Non-vitamin K Antagonist Oral Anticoagulants Beyond Atrial Fibrillation

What Did We Learn From COMPASS and COMMANDER-HF?

Ahsan A. Khan; Gregory Y.H. Lip


Eur Heart J. 2019;40(46):3754-3756. 

The introduction of the non-vitamin K antagonist oral anticoagulants (NOACs) has been a game changer in our management of many thromboembolic conditions. The relative efficacy, safety, and convenience (rapid onset/offset of action, fewer drug and food interactions, and relatively predictable pharmacokinetics) of NOACs compared with oral vitamin K antagonists (VKAs, e.g. warfarin) has accelerated their use globally. Due to appreciable advantages over VKAs, the use of NOACs has been investigated in other medical conditions beyond stroke prevention in atrial fibrillation (AF) and the prevention or treatment of venous thromboembolism (VTE).[1,2]

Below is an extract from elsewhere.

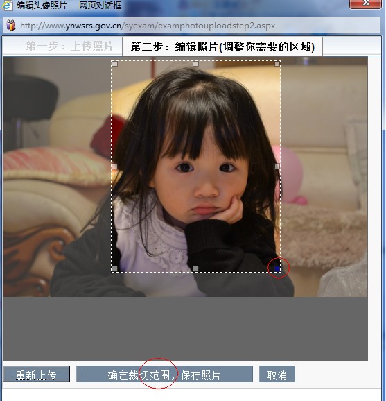 3.在上傳的第二步中,選定你要裁切的范圍,點(diǎn)確定即可。上傳完畢后,你可以看看你的照片是否清晰。
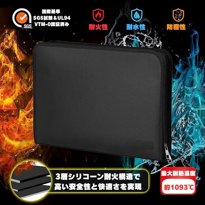 【高耐火・耐水素材で安心保管】 シリコンコーティングのグラスファイバーを二重構造にした安心設計。最大1,200℃の耐熱性と高い耐水性を兼ね備え、大切な書類を火災や水濡れからしっかり守ります。

Attention of the cardiovascular community has been directed to assess utility of NOACs in secondary prevention of coronary artery disease (CAD) and heart failure, two important conditions with life-limiting potential. Despite use of effective secondary prevention strategies, 5–10% of patients with known CAD have recurrent events annually.[3] Aspirin has been the mainstay of treatment for secondary prevention in such patients, with a 19% lowered risk of major adverse cardiovascular event and a 9% lower risk of cardiovascular death than placebo.[4] However, long-term treatment with a VKA alone or in a combination with aspirin is found to be superior to aspirin for secondary prevention but has been associated with an increased risk of bleeding.[5] In the ATLAS ACS 2-TIMI 51 trial, the addition of low-dose rivaroxaban (a factor Xa inhibitor) to dual antiplatelet therapy in patients with a recent acute coronary syndrome significantly reduced mortality and recurrent ischaemic events including stent thrombosis [in patients undergoing percutaneous coronary intervention (PCI)] for a median of 1.1 years when compared with placebo; however, this was at the cost of an increased risk of major bleeding and intracranial haemorrhage but not the risk of fatal bleeding.[6,7]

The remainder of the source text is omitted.